Against Redskins, Rodgers shows how far ahead of Cousins he is

LANDOVER, Md. — Fans and analysts alike were making comparisons between Kirk Cousins and Aaron Rodgers all week, with some even saying that the Redskins had the advantage at quarterback despite the fact that Green Bay's passer is a five-time Pro Bowler and Super Bowl Champion, while Washington's had never started a playoff game.

Those conversations look foolish now, however, after Rodgers and the Packers easily dispatched Cousins and the Redskins Sunday evening at FedEx Field. And when I asked the Packers' signal caller whether he had paid attention to the talk at all during the week, his answer was as quick and precise as his play.

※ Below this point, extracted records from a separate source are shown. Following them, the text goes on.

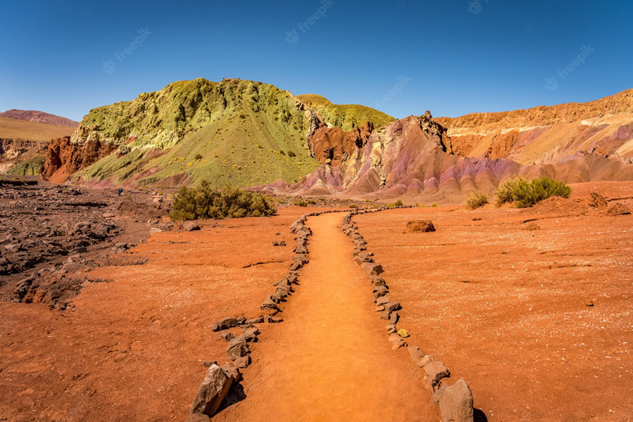 We will pick up passengers from hotels that are within the urban area of San Pedro de Atacama. The points to visit of this tour are located 65 km. from the town, first, we will take route 23 towards Calama. After about 30 minuteswe will turn off on a road towards the Rio Grande basin to visit the millenary petroglyphs of Yerbas Buenas place with great history of the time of the natives from Argentina and Bolivia. Laterwe will cross Matancilla to enter the Rainbow Valley, diverse conformation of rocky mountains with a variety of colors product of minerals, highlighting the red, green and yellow tones, adding the impressive caverns product of the millenary erosions. Breakfast in the area.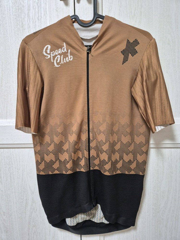 아소스 Equipe RS 져지 Speed Club 에디션, L 사이즈, 브론즈 애쉬 색상입니다 져지와 양말 세트 구성입니다 구매 후 1회착용 후 아소스 전용세제 세탁후 보관만 하였습니다.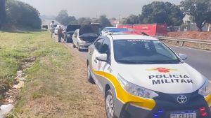 Quatro veículos se envolveram em um engavetamento na manhã desta quinta-feira (21) na Rodovia Luiz de Queiroz (SP-304), em Americana,

"No," Rodgers said, before giving a quick smile. 

He later explained himself a little further, saying that overall, he and his teammates aren't very fond of listening to outside judgments.

"We don't really care about any of the expectations, whether they're talking about picking Kirk over myself or talking about how everybody expected us to lose this game," he said." We don't care about those opinions out there."

Whether he heard the discussions or not, #12 put together an in-control performance that was methodical and slowly sucked the life out of what was, at kickoff, a very loud and energetic stadium. His final numbers aren't startling (21-of-36 for 210 yards and two touchdowns), but he was clearly the better, calmer, and more experienced QB over Cousins, who was under duress for much of the matchup and picked up a major chunk of his yards on checkdowns and late in the fourth quarter when the outcome was already decided.

"He's just one heck of a quarterback," Jay Gruden said afterward of arguably the league's top starter. "Anytime he's in the shotgun or under center, he's got the ball in his hands. He's a special player."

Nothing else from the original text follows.